E-UTRAN/LTE 123 may comprise a plurality of evolved Node Bs (eNBs). An eNB may perform a radio resource management function. An eNB may also schedule and transmit paging messages and broadcast information, and measure and report measurement configurations for mobility and scheduling. An eNB may further select an MME 132 at UE 110 attachment and route user plane data toward SERVING GATEWAY 134.
GERAN 121 and UTRAN 122 may communicate with SGSN 131 for their data services. E-UTRAN/LTE 123 may communicate with MME 132 for its data services. SGSN 131 and MME 132 may also communicate with each other, when necessary.
SGSN 131 may be responsible for delivery of data packets to and from a UE 110 within its geographical service area. SGSN 131 may perform packet routing and transfer, mobility management, attach/detach and location management, logical link management, and authentication and charging functions.

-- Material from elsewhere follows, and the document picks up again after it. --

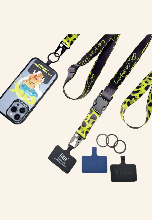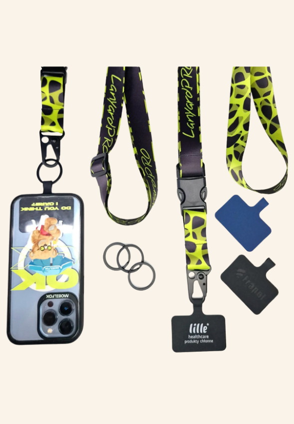 Je suis FlexiHold, un lanyard porte-téléphone sublimé en pleine couleur, conçu pour garder votre smartphone accessible en toute sécurité tout en reflétant vos valeurs éco-responsables. Fabriqué en rPET recyclé, je combine fonctionnalité, confort et respect de l’environnement.
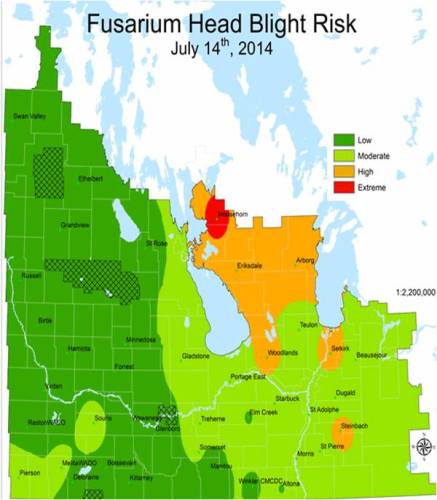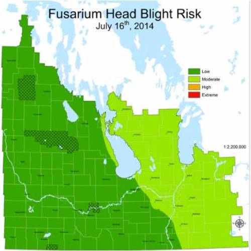 The FHB risk forecast for the whole province has been low to moderate for a few days around July 11; but after rains in the weekend the risk increased again (12 -14 July) especially in the eastern half of the province; near the lake region was high to extreme. The risk on Jul 16 is low in the western MB to moderate in eastern MB.

MME 132 is a control node for E-UTRAN/LTE 123. MME 132 may be responsible for idle mode UE paging and tagging procedures, including retransmissions. MME 132 may also be responsible for choosing a SERVING GATEWAY 134 for a UE 110 at a time of initial attach and at a time of intra-LTE handover involving core network node relocation, MME 132 may further be responsible for authenticating a user by interacting with HSS 133.
HSS 133 may be a database storing user-related and subscription-related information. Exemplary functions of HSS 133 may include mobility management, call and session establishment support, user authentication and access authorization.
SERVING GATEWAY 134 may be responsible for routing and forwarding user data packets, while also acting as a mobility anchor for a user plane during inter-eNodeB handovers and as an anchor for mobility between LTE and other 3GPP technologies. For a UE 110 in an idle state, SERVING GATEWAY 134 may trigger paging when downlink data arrives for the UE 110 and terminate a downlink data path. Exemplary functions of SERVING GATEWAY 134 may include managing and storing UE contexts, e.g., parameters of the IP bearer service, network internal routing information, and replicating user traffic in case of lawful interception.
PDN GATEWAY 135 may provide connectivity between a UE 110 and an external packet data network and act as a point of exit and entry for data traffic to and from the UE 110. A UE 110 may have simultaneous connectivity with more than one PDN GATEWAY 135 so as to access multiple PDNs, PDN GATEWAY 135 may perform policy enforcement, packet filtering for each user, sharing support, lawful interception, and packet screening. PDN GATEWAY 135 may further provide data mobility between 3GPP and non-3GPP technologies such as WiMAX, CDMA1X, and (EVolution Data Optimized) EVDO.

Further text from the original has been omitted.